There is considerable debate about the consequences of Brexit on the UK’s implementation of the EU medicine verification system, and the risk that UK citizens may miss out on the benefits of the system.

The Falsified Medicines Directive’s safety feature regulation officially went live at the weekend, which means that after an implementation period all medicine packs should be scanned at the point of dispensing to protect patients against falsified, expired or recalled medicines. As of now, the UK is linked into the IT infrastructures that allow those checks to be made.

But with Brexit due to take place, what will happen to the UK’s involvement in the system after March 29, when the UK is officially due to leave the EU? The short answer is that it depends – and High Pullen, president of the European Medicines Verification Organization (EMVO) that operates the central data hub underpinning the system, told us there are various possible outcomes.

“If Theresa May’s deal…is accepted, then that provides for the UK to be in a transition period until the end of 2020,” said Pullen. “Our understanding there is that the Directive would continue to apply, so the system would continue to operate right up until that time.”

After that, the UK and EU would need to negotiate their comprehensive trade agreement, and the hope is that in that scenario the UK would find a way to remain in the EU system.

“We think that’s the best solution not only for the UK but also Europe,” said Pullen.
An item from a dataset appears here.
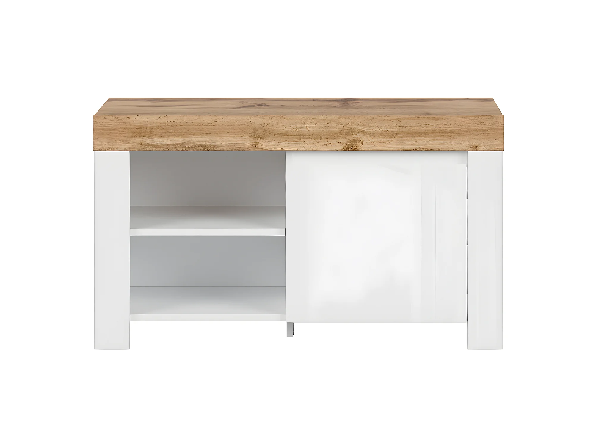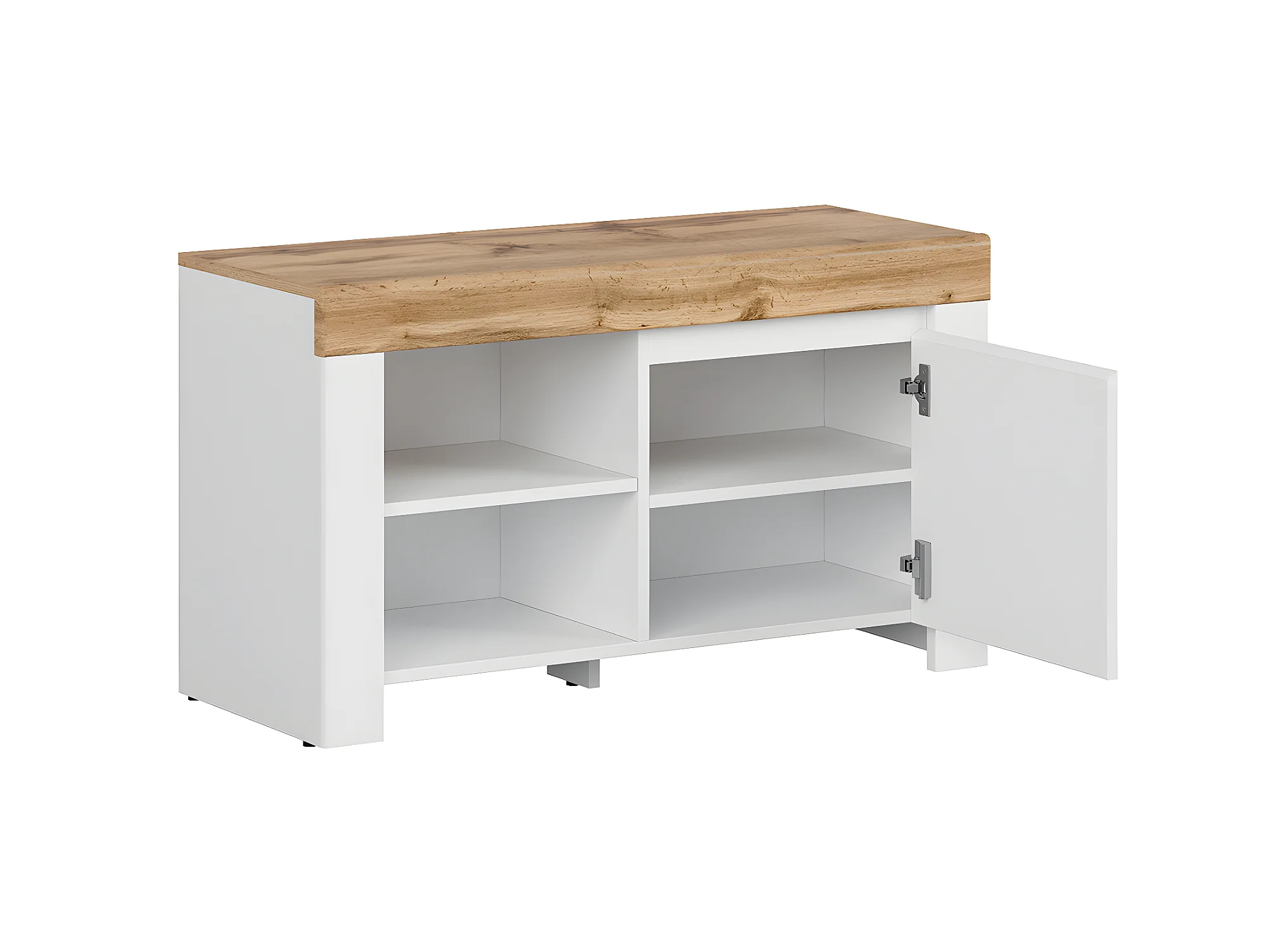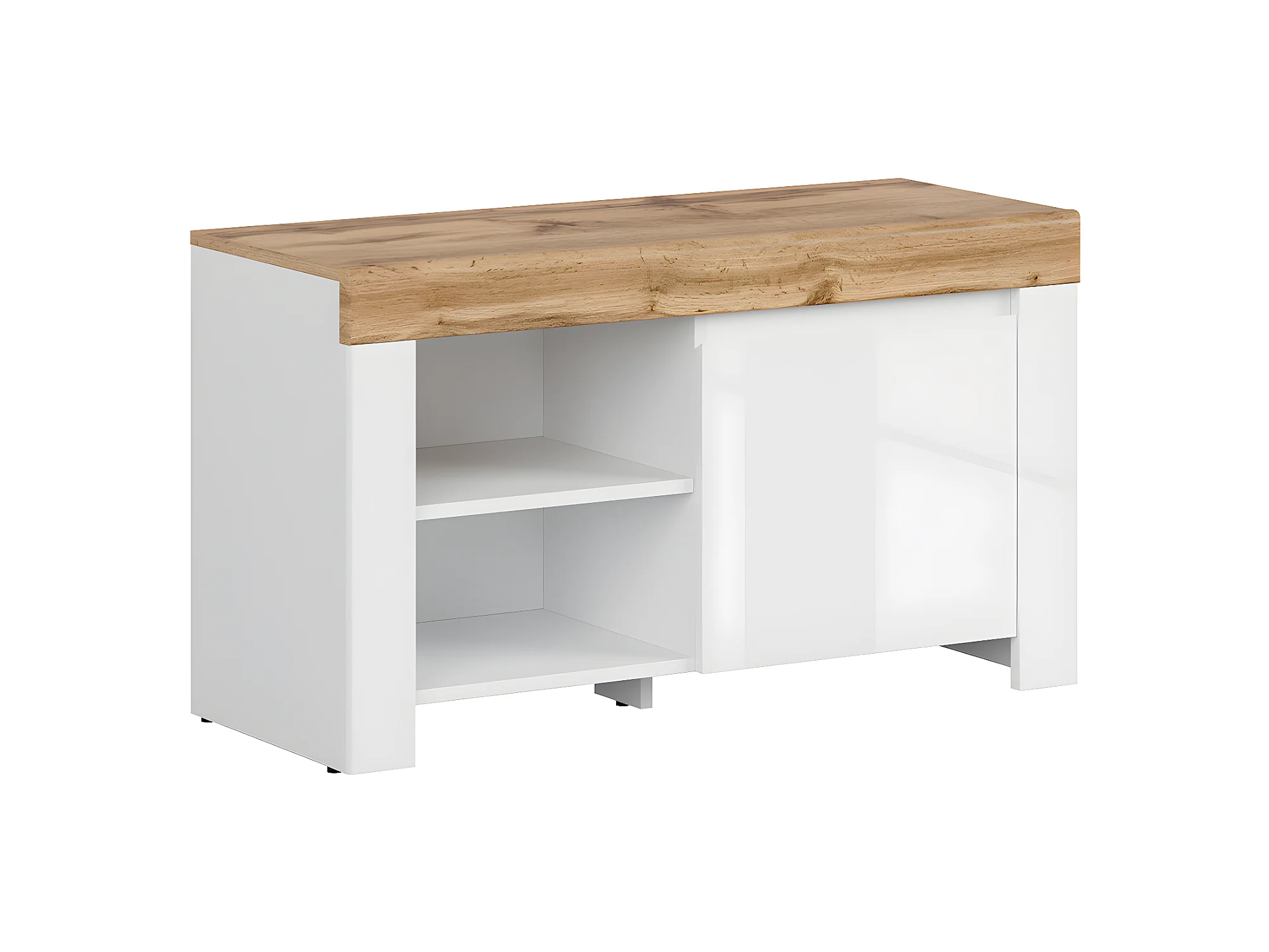 Niedriges Schuhmöbel Hella Weiß und Holz

According to Europe's pharma trade association EFPIA, 45 million patient packs go to the EU from the UK every month, while 37 million packs go in the opposite direction.

With the chances of May’s deal going through looking vanishingly small, however, there the threat of a no-deal Brexit is looming large, and the EMVO is hoping that even in this scenario there would be pragmatism on both sides to allow the patient safety benefits to trump political considerations.

“For us that’s the best outcome in a no-deal scenario, but the reality is that the future in that event is very uncertain,” said Pullen.

Brexit uncertainty means that organisations across the UK’s medicines supply chain don’t know whether the system will still be in place in seven-weeks’ time as a no-deal Brexit would mean a UK revocation of the FMD legislation, says the Association of the British Pharmaceutical Industry (ABPI).

“Not being part of the safest medicines system in the world, one that the UK has helped design and build – and which provides protection against fake medicines – makes no sense,” commented ABPI chief executive Mike Thompson.

“Being part of a system that keeps them safe is the minimum that UK patients should expect.”

The UK Medicines and Healthcare Products Regulatory Agency (MHRA) has already said it thinks the UK would not have access to the EU central data hub in no-deal, and has suggested that in the long-term the UK may have to develop its own verification system that would sit in parallel to the EU’s platform.

That’s perfectly possible, said Pullen, although he wouldn’t speculate on how much such a system would cost, or indeed how long it would take to set up.

UK Liberal Democrat peer Baroness Walmsley said this is just one example of why her party is campaigning for a second referendum on Brexit with an option to remain in the EU and as a consequence the medicines verification system.

“We have been fighting exactly for specific things like the Falsified Medicines Direction – the systems and safeguards we all rely on, but which are often too small for flashy headlines,” she writes in Politicshome.com.

Leaving the EU will mean that membership of the FMD will have to be negotiated, according to Walsmley, and “to continue to have access to the system the UK would undoubtedly have to pay a fee – money that could instead be spent on successfully implementing this much needed system in an effective way.”

Theresa May has said she will update MPs tomorrow about recent Brexit talks as she continues to seek support for her deal, having visited Brussels and Dublin last week to try to get agreement on changes to the controversial Irish backstop – the insurance policy aimed at preventing the creation of a hard border between North Ireland and the Republic.